--- DATA FOR THE TASK Enclosed Below ---
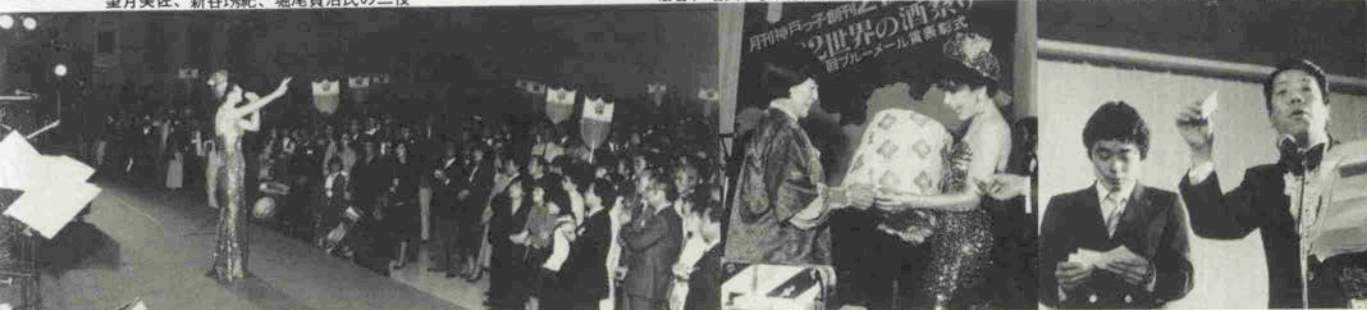
ゲストの弘田三枝子に聴き入る会場の人々
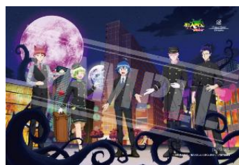
「プラン限定描き下ろしイラストポストカード」イメージ
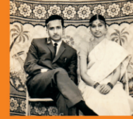
बापू व पद्मजा
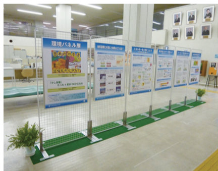
▲昨年の環境パネル展

6月5日は「世界環境デー」です。これは1972年にストックホルムで開催された「国連人間環境会議」を記念して定められたものです。 日本では、この日を「環境の日」、6月の1カ月間を「環境月間」とし、環境についての関心と理解を深めるとともに、環境活動への意欲を高めるため、さまざまな催しを行っています。 区では、平成20年3月に「中央区環境行動計画」を策定し、望ましい環境像「水辺や豊かな緑と共生し、みんなで環境をよくするまち 中央区」の実現に向け、各種施策を推進しています。 特に地球温暖化防止については、計画の重点プロジェクトに位置付け、日々の生活や事業活動から出るCO 2 排出量を削減する取り組みである「中央エコアクト」の普及や、自然エネルギー機器および省エネルギー機器などの導入費助成を実施し、区内の住宅や事業所の省エネルギー化を図っています。 また、広域的な地球温暖化
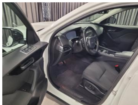
Fot. 10 Widok przez lewe przednie drzwi
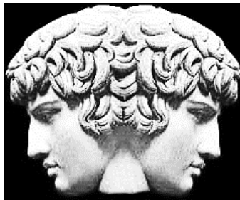
Diagram 8: Het Janus gezicht: tegelijkertijd naar boven en beneden kijkend (naar hogere en lagere holons), en naar buiten en binnen kijkend (tegelijk rede en technieken voor bewustzijnsontwikkeling gebruikend)

Met betrekking tot milieuvervuiling en klimaatverandering bijvoorbeeld kunnen mensen op een gegeven moment besluiten dat collectieve actie niet langer achterwege kan blijven daar anders hun fysieke voortbestaan op het spel komt te staan. In dat geval is samenwerking het gevolg van het kiezen van de minste van twee kwaden. Dat is een re-actieve bereidheid om te handelen. Het is rationeel maar onvrij gedrag. Het is gedrag dat gebaseerd is op - door onderhandelingen tot stand gekomen - overeenstemming tussen talrijke actoren: het Nederlandse poldermodel. Dit poldermodel zou aangevuld moeten worden met een pro-actieve bereidheid om te handelen, met vrij gedrag (zie de onderste route in Diagram 4). Technieken voor bewustzijnsontwikkeling bevorderen pro-actief gedrag. Koestler's zelf-assertieve en zelf-transcenderende tendensen komen overeen met het simultane streven van individuen naar autonomie of integriteit én integratie in grotere gehelen. Individuele integriteit en sociale integratie zijn beide nodig. De rede alleen kan dit niet bewerkstelligen. Zoals Schumacher opmerkt vormt het integreren van ogenschijnlijk tegengestelde tendensen the fabric of life . Het vereist een transcenderen van zulke tendensen op een hoger niveau van bewustzijn. De en/en situatie kan alleen maar 'geleefd' worden (zie ook Van Eijk 2015, Eenvoudig leven in een complexe wereld oftewel de paradox van eenheid-in-verscheidenheid . Civis Mundi).
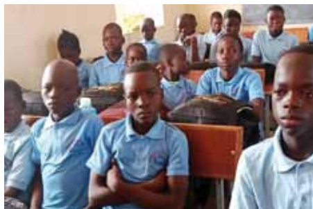
Scuola di secondo livello.
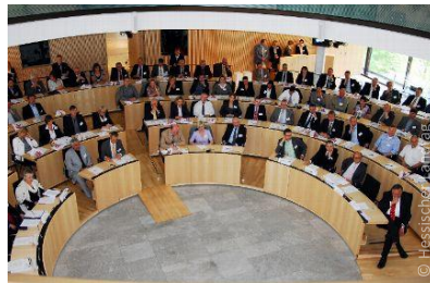
Parlement du Land de Hesse
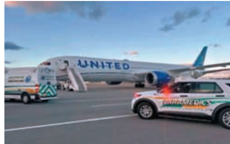
◆多名乘客因機身劇烈震盪而受傷，被送往附近醫院治療。

香港文匯報訊 據美國廣播公司（ABC）報道，美國聯合航空公司一架由以色列特拉維夫飛往新澤西州紐瓦克國際機場的航班，3月29日因降落時遇上「風切變」（wind shear），即風向突然出現變化，客機改飛往紐約斯圖爾特國際機場，最終安全降落，多名乘客因機身劇烈震盪而受傷，被送往附近醫院治療。
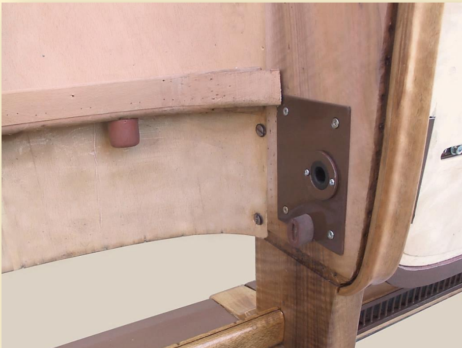
Seitenwange mit Achsenaufnahme (Polyamid Büchse)
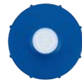
Verschlussdeckel separat 11841014
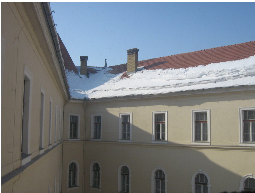
Fig. 14 - Idem
--- End of Enclosed DATA FOR THE TASK ---
- _PROBLEM DESCRIPTION_:
Take every line from the data that includes the word "被送往附近醫院治療".

- _EXERCISE RESULT_:
◆多名乘客因機身劇烈震盪而受傷，被送往附近醫院治療。
香港文匯報訊 據美國廣播公司（ABC）報道，美國聯合航空公司一架由以色列特拉維夫飛往新澤西州紐瓦克國際機場的航班，3月29日因降落時遇上「風切變」（wind shear），即風向突然出現變化，客機改飛往紐約斯圖爾特國際機場，最終安全降落，多名乘客因機身劇烈震盪而受傷，被送往附近醫院治療。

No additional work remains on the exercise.